# Northern flight boat blind



## warrenwaterfowler (Aug 31, 2007)

Has anyone used the Cabela's Northern Flight fold down boat blind? I'm looking to buy one and want some feedback on how they've performed.

Bought a boat just days before the season started last year.(had some last minute problems with the boat we had...don't ask) Love the boat, but the blind my brother and I built for it does it no justice. 

Thanks for the feedback

-WarrenWaterfowler


----------



## ironmachineus (Dec 22, 2005)

I've had one for two years on a 14' Mirrocraft V hull. It works fine, looks fine, hides fine. I think it's a pretty good deal. I would recommend installing the top part of the shadowgrass 6" over the top of the rail, and folding it down inside the blind, instead of lining it up. This eliminates the straight edge at the top. Also, drill a couple of extra holes in the adjustment bar to give yourself extra adjustment heights.


----------



## William H Bonney (Jan 14, 2003)

I was all ready to buy one,,, until I sat in one at Cabela's. Not a real good design, IMO. It "scissors" up from the sides of the boat, to the middle. So it's basically "closed" at the top with no way to see out. My dad has an Avery,,, it's pretty nice.


----------



## Duckbuster (Aug 6, 2001)

I"ve had the Northern Flight blind for 3 years now. It's been worth every cent. The top opening is adjustable, and the blind is held in place by 4 pins. The example blind in the store shows the blind with the smallest operning you can have. Also, when covered with fastgrass, the blind covers the boat quite nicely.


----------



## Quaaack (Nov 22, 2007)

I've got one. I like it. As previously mentioned you will need to drill some more holes to adjust the anlge of the sides which determines your upper opening. Just take your time fitting it to your boat. It pretty much is a universal frame which requires some paitence getting to your likings. It trailers okay, although the grass will need to be replaced in a couple of years, but what blind does not, with the fast grass. If you get the cold weather with the rain fly top, it does keef you verry warm, dry and concealed. 

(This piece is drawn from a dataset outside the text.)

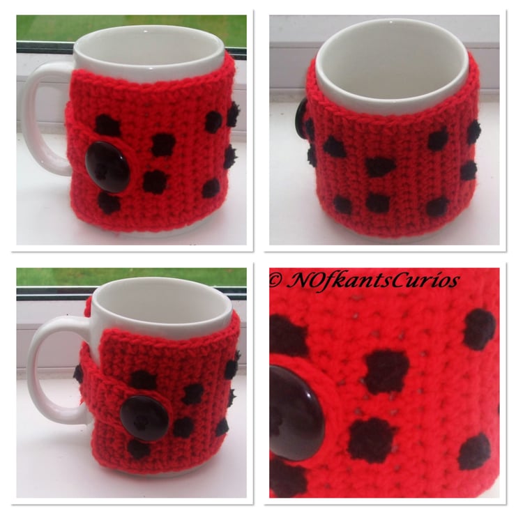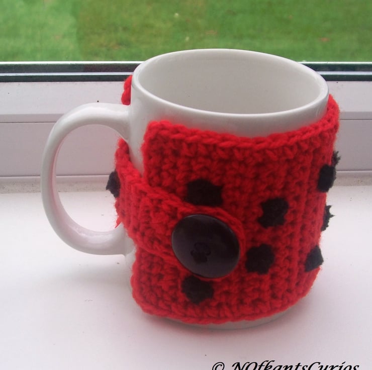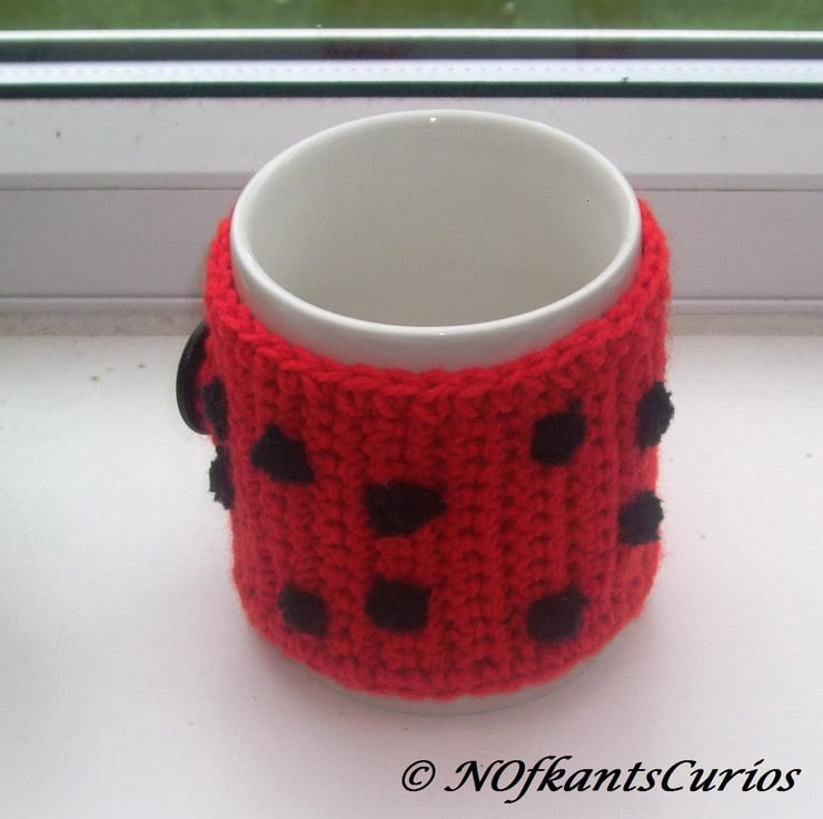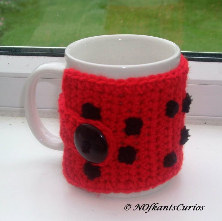 Ladybird Mug Cosy, crocheted in a bright red acrylic yarn and embroidered with black chenille yarn raised spots, inspired by our wonderful ladybird and fastened with large black button.

If I was looking for a blind again I would buy it again. 

As with any boat blind you will have to modify it to your likings and your boat specs. 

Bottom line...........for $500 its a good deal.


----------



## north-bound (Nov 20, 2007)

i have one on my 14 ft lowe. i only had one problem with it but it was a easy fix. i believe somebody already mentioned it but i drilled some extra holes in the support bar for more adjusting. it also folds down nicely for travel. i like the blind alot and would not hesitate to buy one again.


----------



## smets24 (Dec 7, 2004)

Make sure you buy the flip top and the screws and pins are not stainless. They will rust on you. Set up at first takes a bit of time but you can take on and off in a minute or less. Save all the pieces because if you upgrade to a different boat the extra pieces will com in handy. I read a post earlier that they scissor but, it is adjustable. Add the extra holes. Read Cabela's reviews they used to be on-line.


Smets


----------



## mykass (Oct 6, 2005)

Check Macks I think you can get an avery for that. Ill check when I get home. By the way I have an avery quick set on my wareagle and love it.


----------



## DiptheNet (Sep 1, 2004)

I have this one, works great. Easy up and down. Drops down and clears for running with no problems. http://www.fisherbeavertail.com/1800series.html


----------



## bender (Nov 10, 2005)

dont know how long your boat is, but theres a beavertail 1600 boat blind for sale on grand rapids craigslist for $350 right now.


----------



## warrenwaterfowler (Aug 31, 2007)

Thanks alot for the feedback. It looks like overall most of you who use this blind like it. I think I'm going to go ahead and get one. Anybody have any Cabela's coupons they aren't planning on using?


----------



## bender (Nov 10, 2005)

warrenwaterfowler said:


> Anybody have any Cabela's coupons they aren't planning on using?


 
i have a $20 off $100+ purchase one at home... if you can wait until 6'ish tonight. :chillin:


----------